Interactive sculpture

Fractured Heart is an interactive sound and light sculpture designed and built by illuminart in collaboration with Gotye (Wouter 'Wally’ de Backer). It was first presented as the backdrop to his live performance of Somebody That I Used to Know with Kimbra at the 2011 ARIA Awards. The sculpture used mapped animated projections based on the music video that changed in time with Gotye's performance.

Following the ARIA Awards, illuminart redesigned 'Fractured Heart' as a separate interactive light and sound sculpture for Vivid Sydney – A Festival of Light, Music & Ideas, in 2012. According to Gotye, the design is loosely based on taking fractal elements of an illustration of a two-part broken heart, created by his father and included in the Making Mirrors album artwork.

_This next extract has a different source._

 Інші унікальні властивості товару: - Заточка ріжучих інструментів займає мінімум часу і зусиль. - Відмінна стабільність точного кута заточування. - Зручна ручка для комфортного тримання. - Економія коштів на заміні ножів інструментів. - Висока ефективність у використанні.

People can interact with the sculpture through physical movement, using their body and hand gestures to remix sound loops and mapped projections. One of Gotye's objectives when designing the sculpture was that even non-musicians could stand if front of it and feel like they were mixing the sounds, and get a clear sense of how the song breaks down.

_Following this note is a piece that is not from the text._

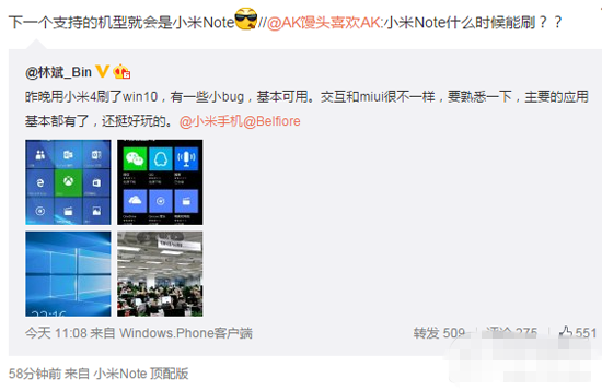 林斌表示,昨晚用小米4刷了Win10,有一些小bug,基本可用。交互和MIUI很不一样,要熟悉一下,主要的应用基本都有了,还挺好玩。此前,小米社区已经开启小米4 Windows 10系统的内测,即将开放下载ROM。

It is the redesigned Fractured Heart that is now installed at the National Film and Sound Archive (NFSA) headquarters in Canberra. Visitors of the NFSA can ‘remix’ Gotye's songs Somebody That I Used to Know and State of The Art in real time using their bodies to trigger sounds and light animations.

==Launch at NFSA==

The 'Fractured Heart' exhibit had a soft launch in December 2012, and was officially opened by Gotye and illuminart at the NFSA on 15 February 2013. The free event was open to the public; Gotye spoke about the creation of Fractured Heart, and interacted with the sculpture in front of a crowd of fans. The launch was followed by a presentation in Arc cinema in which Gotye talked about some of his favourite animators as well as some of his collaborations. The event then ended with ‘illuminart After Dark’ in which the courtyard of the NFSA Canberra headquarters were lit up with light and sound sculptures. These sculptures having been used by Nordoff-Robbins Music Therapy Australia.

==illuminart==

illuminart who specialise in the design and creation of projection art, cross-disciplinary arts and audiovisual storytelling, worked closely with Gotye to create 'Fractured Heart'. Their avant-garde media art projects incorporate illumination with interactive projection art and performance, developed in creative collaborations and partnerships among a variety of disciplines. illuminart uses a combination of audiovisual media mapped to conform to the shape of three-dimensional structures, sculptures and architectural forms to create a projection sculpture. The technique of projection mapping to structures is also described as augmented sculpture, as the projected image may transform the sculpture with temporal and lighting illusions.